(Records from a dataset)
-- -- --
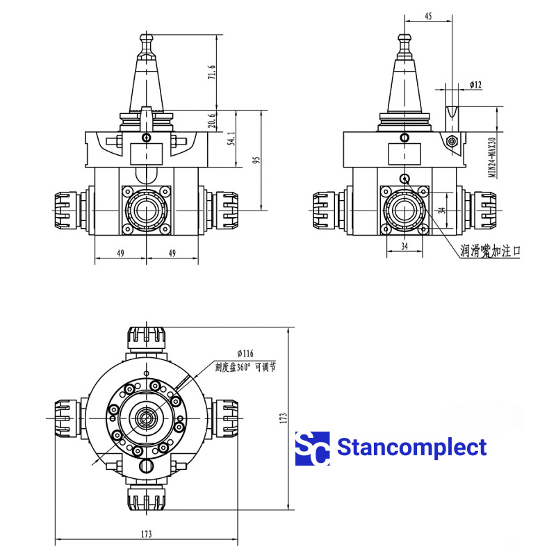 Агрегатна двостороння головка фрезерна 90° KDT DCJSDT для свердлильно-присадних центрів з ЧПК KDT - KD-612K(H)(S)Z(D)(F) / KD-610(H)Z / KD-612K(H)C / KD-612G.
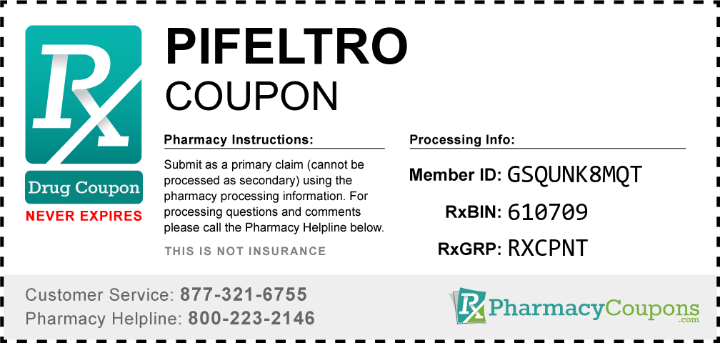 Simply bring the coupon below to the pharmacy, and save on Pifeltro at CVS, Walgreens, Publix, Safeway, Albertsons, Rite Aid, Target, and many other drug stores! These coupons are free and can be used to save up to 80% on all medications.
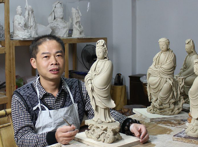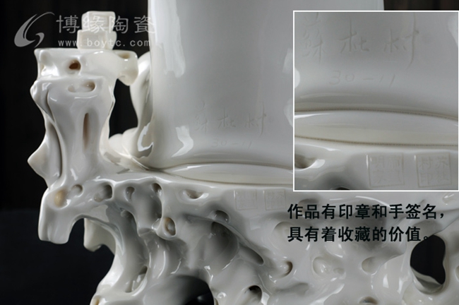 作品沿用德化传统的制瓷技法,捏、塑、雕、镂、贴、接、推、修
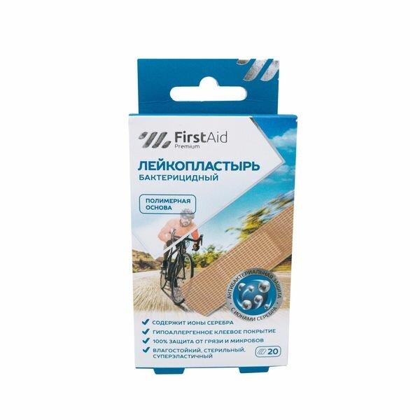 Купить Лейкопластырь бактерицидный с cеребром полимерная основа Premium First Aid/Ферстэйд 20шт
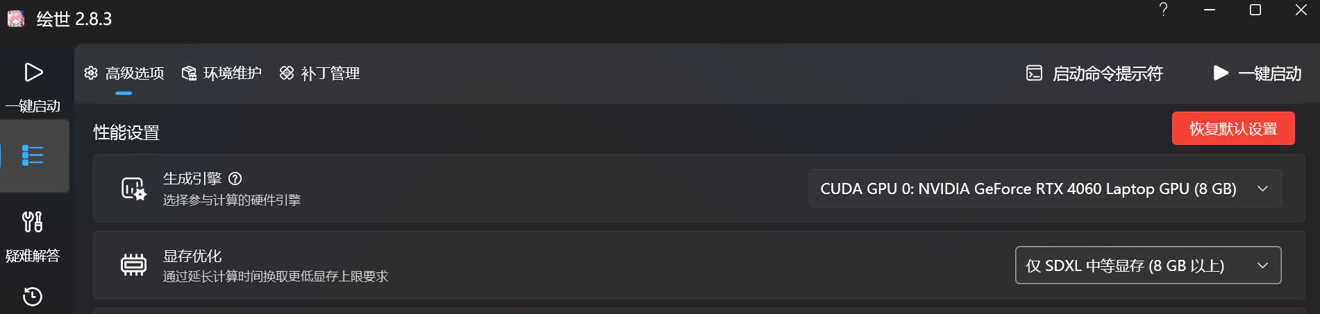 如果你是整合包用户,非必要情况下请勿使用启动器的 高级 / 专家 模式。如有必要,请务必在调整设定前记录好原本设定的值(除非您的 SD WebUI 已无法正常使用)。
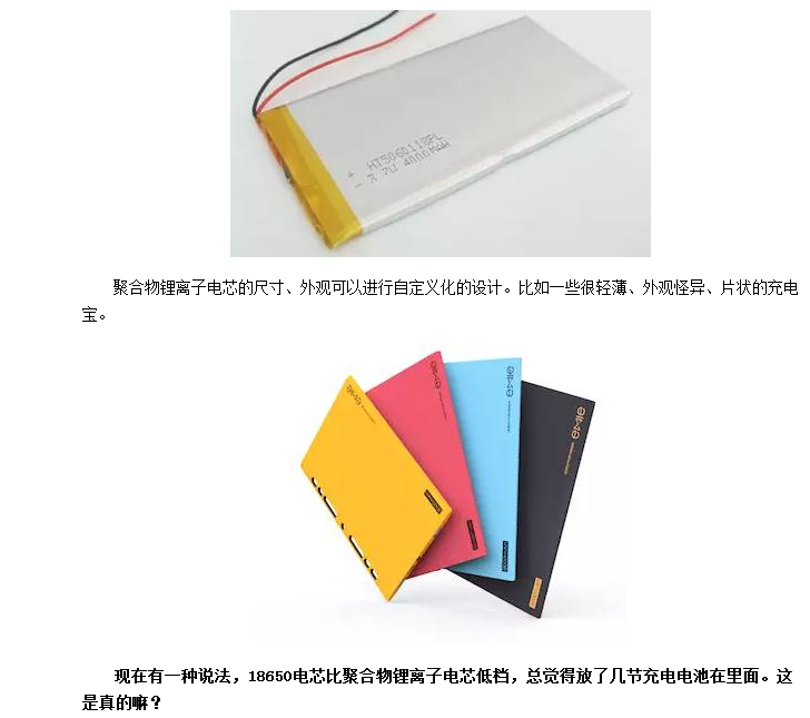 现在的充电宝电芯一般分为18650电芯和聚合物锂离子电芯。
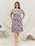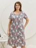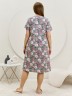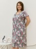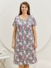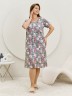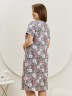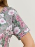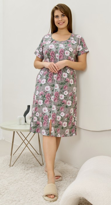 Халат женский из гладкокрашенного трикотажно полотна «кулирка» с набивным рисунком, полуприталенного силуэта, с короткими рукавами покроя «реглан» и горловиной овальной формы, окантованной основным материалом, с центральной бортовой застежкой на тесьму «молния». По срезу горловины выполнены неглубокие складки, нижние резы рукавов обработаны притачными манжетами с кантом контрастного цвета.
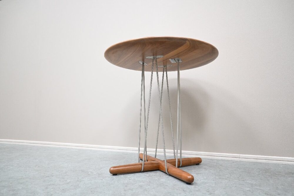 いずれも円形の木製天板が浮いたように見える、スチールワイヤー製の支柱が印象的です。
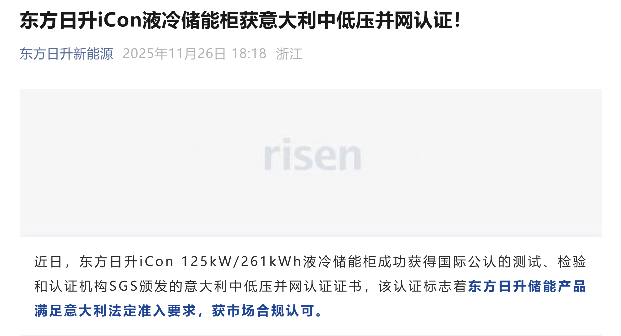 东方日升iCon液冷储能柜获意大利中低压并网认证! 是微信公众号的,不是小道消息
-- -- --
Produce a verbatim copy of every entry, excluding pictures.

Solution for this exercise
 Агрегатна двостороння головка фрезерна 90° KDT DCJSDT для свердлильно-присадних центрів з ЧПК KDT - KD-612K(H)(S)Z(D)(F) / KD-610(H)Z / KD-612K(H)C / KD-612G.
 Simply bring the coupon below to the pharmacy, and save on Pifeltro at CVS, Walgreens, Publix, Safeway, Albertsons, Rite Aid, Target, and many other drug stores! These coupons are free and can be used to save up to 80% on all medications.
 作品沿用德化传统的制瓷技法,捏、塑、雕、镂、贴、接、推、修
 Купить Лейкопластырь бактерицидный с cеребром полимерная основа Premium First Aid/Ферстэйд 20шт
 如果你是整合包用户,非必要情况下请勿使用启动器的 高级 / 专家 模式。如有必要,请务必在调整设定前记录好原本设定的值(除非您的 SD WebUI 已无法正常使用)。
 现在的充电宝电芯一般分为18650电芯和聚合物锂离子电芯。
 Халат женский из гладкокрашенного трикотажно полотна «кулирка» с набивным рисунком, полуприталенного силуэта, с короткими рукавами покроя «реглан» и горловиной овальной формы, окантованной основным материалом, с центральной бортовой застежкой на тесьму «молния». По срезу горловины выполнены неглубокие складки, нижние резы рукавов обработаны притачными манжетами с кантом контрастного цвета.
 いずれも円形の木製天板が浮いたように見える、スチールワイヤー製の支柱が印象的です。
 东方日升iCon液冷储能柜获意大利中低压并网认证! 是微信公众号的,不是小道消息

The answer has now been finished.